Let's start breaking down our DataBlock above by converting the underlying data representation as one of these Dataset classes. We'll import some new packages that will be using and create a PetCategories class that will allow us to map our target labels with their indexes (and vice-versa).

import pdb, re
from torchvision import transforms
class PetCategories():
    def __init__(self, image_fpaths, lbl_regex):
        # not all things are images
        self.lbl_regex = re.compile(lbl_regex)
        fpaths = [ f  for f in image_fpaths if self.lbl_regex .match(f.name) ]
        
        # build our vocab
        self.vocab = dict(enumerate(set([self.lbl_regex.match(f.name).groups(0)[0]  
                                         for f in fpaths if self.lbl_regex.match(f.name) ])))
        # build a reverse lookup
        self.o2i = L(self.vocab.values()).val2idx()
        
    def get_label(self, fname):
        return self.lbl_regex.match(fname).groups(0)[0]
class PetsDataset(torch.utils.data.Dataset):
    def __init__(self, image_fpaths, pet_categories, item_tfms=None):
        
        # not all things are images
        self.fpaths = [ f  for f in image_fpaths if f.name.endswith('.jpg')]
        
        # our "item transforms"
        self.tfm_pipeline = item_tfms
        
        # our labels vocab
        self.pet_categories = pet_categories
            
    def __len__(self):
        return len(self.fpaths)
    
    def __getitem__(self, idx):
        img_fpath = self.fpaths[idx]
        img_label = self.pet_categories.get_label(img_fpath.name)
        
        # you can think of this as a "block" or an "data transform"
        img = Image.open(img_fpath)
        lbl_idx = self.pet_categories.o2i[img_label]
        
        if self.tfm_pipeline: img = self.tfm_pipeline(img)
            
        return img, torch.tensor(lbl_idx)

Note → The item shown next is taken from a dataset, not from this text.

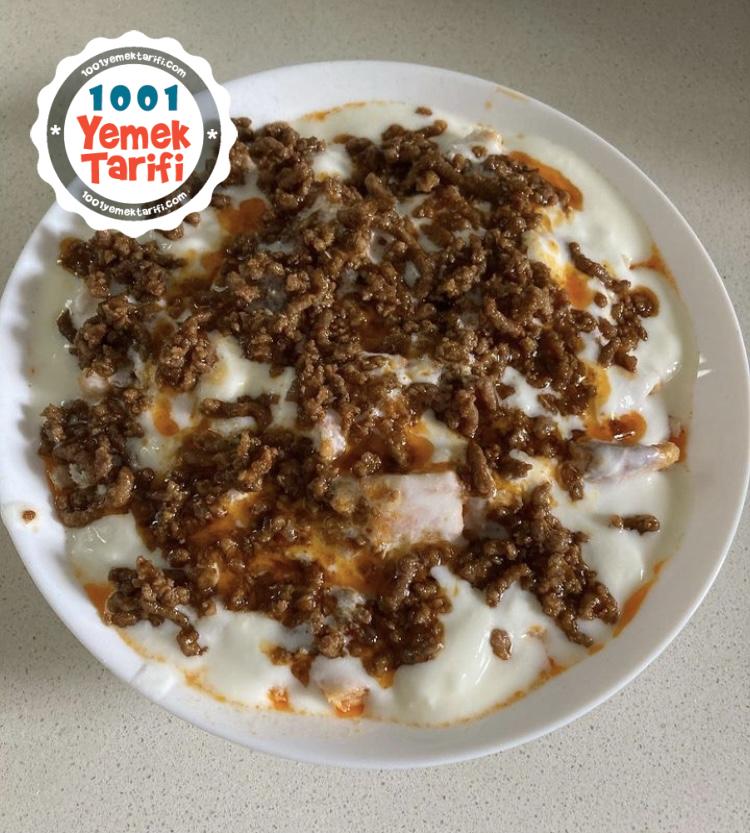 - Yoğurtun üzerine kavrulmuş kıyma serpiştirilir

There is a lot for you to explore above (step through the code, riddle it with pdb.set_trace statements, change it up and see what happens, etc....), but note the following in particular:

  1. __getitem__ needs to return an "example", which is two things ... your inputs/targets and they both need to be tensors.
  1. item_tfms represents the PyTorch (not fast.ai) transforms we need to apply to our inputs/targets. We're going to use a special class named Compose from torchvision to set these up. For now, these transforms will just make sure our images are resized to the same size and converted to a tensor. Again, there is nothing fast.ai here (with the exception of me using the L class) ... we're just dealing with PyTorch righ now. :)
  1. Notice how we have to create our own vocab and o2i method so we can return an integer representing the "category" rather than the category name (e.g. "Maine_Coon") itself. Everything has to be a number!

TIP: Run all this code in colab ... do it! Make sure you understand what is going on and why. One of the most valuable techniques I use for learning all things Python, PyTorch, and fast.ai, is using pdb.set_trace() to step through and debug code. It's great way to build inutition by printing out the shapes of tensors, running parts of the code interactively, etc....

Now ...we're going to need TWO Datasets ... one for training and one for validation. We'll split our examples up randomly and set aside 20% for our validation set. There's many ways to do this (most better and more efficient that below).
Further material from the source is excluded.